From the line that has "A first Rafale" down to the last line of the data below, set down every line exactly, but none of the pictures.

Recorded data

- - - - - - -

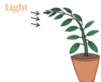
Fig. 25.2 A potted plant showing phototropism
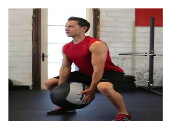
Figure 3: Medicine Ball Training.

Medicine ball training is a form of exercise consisting of a series of movements to throw a medicine ball that starts from the back of the head up and upright body, both hands holding the ball behind the head with a fast movement of the ball thrown forward.
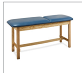
006- Special Length
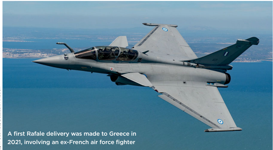
A first Rafale delivery was made to Greece in 2021, involving an ex-French air force fighter
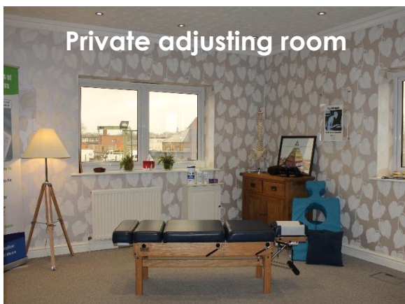
Private adjusting room

- - - - - - -

* _Response below_
A first Rafale delivery was made to Greece in 2021, involving an ex-French air force fighter
Private adjusting room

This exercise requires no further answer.